As an eater, who strives to do right by your body, this may also pose a challenge. It's tempting to eat the same thing day after day once you've dialed in what works for you. You find a formula that satisfies your appetite, is balanced, nutritious and doable. Why not rinse and repeat, right?
It turns out that variety is not just the spice of life, it also imparts benefits to the body. Why? It's all about color!
Phytonutrients are found in all plants. They are the pigments that give plants color, including anthocyanidins (blue, purple, black) and carotenoids (orange, red, yellow). They have potent antioxidant potential, helping to relieve oxidative stress that can lead to inflammation and disease. Interestingly, phytonutrients are also slightly toxic. This is actually beneficial to eaters because they gently guide and train the immune system, making it stronger and more resilient to infections and disease. Interesting stuff!
The microbiome of the large intestine plays an intimate role in metabolizing phytonutrients. These chemicals are not broken down efficiently in the upper digestive tract where most nutrients are digested and absorbed. Instead phytonutrients make their way to the colon and are activated by the microorganisms there. Phytonutrients influence the microbes, encouraging a healthy immune response and reducing inflammation. In turn, the microbes transform phytonutrients into phenolic compounds that can be absorbed and used by the host/eater.
It is largely accepted as truth that eating vegetables and fruits is an important feature of a healthy diet. Every client I talk to knows that the one thing they can do to improve their diet is to eat more from these food categories. That being the case, Americans tend to struggle with this dietary adaptation. Only 9% of Americans meet the USDA's recommendation of daily vegetable intake and 12% meet that for fruit.
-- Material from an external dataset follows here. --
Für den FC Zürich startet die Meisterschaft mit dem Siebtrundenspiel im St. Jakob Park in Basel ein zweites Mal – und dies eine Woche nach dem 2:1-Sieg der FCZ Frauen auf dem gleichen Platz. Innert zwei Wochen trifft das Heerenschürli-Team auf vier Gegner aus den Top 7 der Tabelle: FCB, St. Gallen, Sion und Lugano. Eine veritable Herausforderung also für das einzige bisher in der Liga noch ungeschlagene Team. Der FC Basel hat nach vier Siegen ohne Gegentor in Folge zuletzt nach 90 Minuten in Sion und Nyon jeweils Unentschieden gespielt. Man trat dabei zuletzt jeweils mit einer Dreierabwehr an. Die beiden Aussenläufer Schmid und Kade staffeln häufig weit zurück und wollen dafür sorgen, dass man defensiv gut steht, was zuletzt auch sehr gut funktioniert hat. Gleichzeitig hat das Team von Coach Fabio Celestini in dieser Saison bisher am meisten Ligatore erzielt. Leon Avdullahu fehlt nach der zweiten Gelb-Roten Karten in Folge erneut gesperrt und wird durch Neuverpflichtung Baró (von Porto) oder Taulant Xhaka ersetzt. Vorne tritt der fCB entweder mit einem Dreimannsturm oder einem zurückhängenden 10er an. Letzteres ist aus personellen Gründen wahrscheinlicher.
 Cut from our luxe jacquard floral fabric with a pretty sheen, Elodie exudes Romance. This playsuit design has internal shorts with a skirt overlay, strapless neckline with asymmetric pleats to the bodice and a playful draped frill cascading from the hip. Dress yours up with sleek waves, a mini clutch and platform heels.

Affordable access to fruits and vegetables is a major concern in the wellness sphere. Additionally, preparation and storage of fresh produce is a barrier for many people. These concerns are beyond the scope of this article but worth mentioning as a contributing factor to the low consumption of fruits and vegetables in the US. In my experience and opinion, it's not an issue of educating the public on the health benefits of these foods, but an issue of equity.
Insufficient vegetable and fruit intake has a detrimental impact on vitamin and mineral status, but there's more to plant-based foods than that. As researchers further our understanding of the role phytonutrients play in human health, a phytonutrient gap becomes apparent. One recommendation I make often to my nutrition clients is to eat the rainbow in plants every day. Getting in the habit of grabbing a red, orange, yellow, green, blue and purple item from the produce department is a great start to a meal plan that powers disease prevention and wellness.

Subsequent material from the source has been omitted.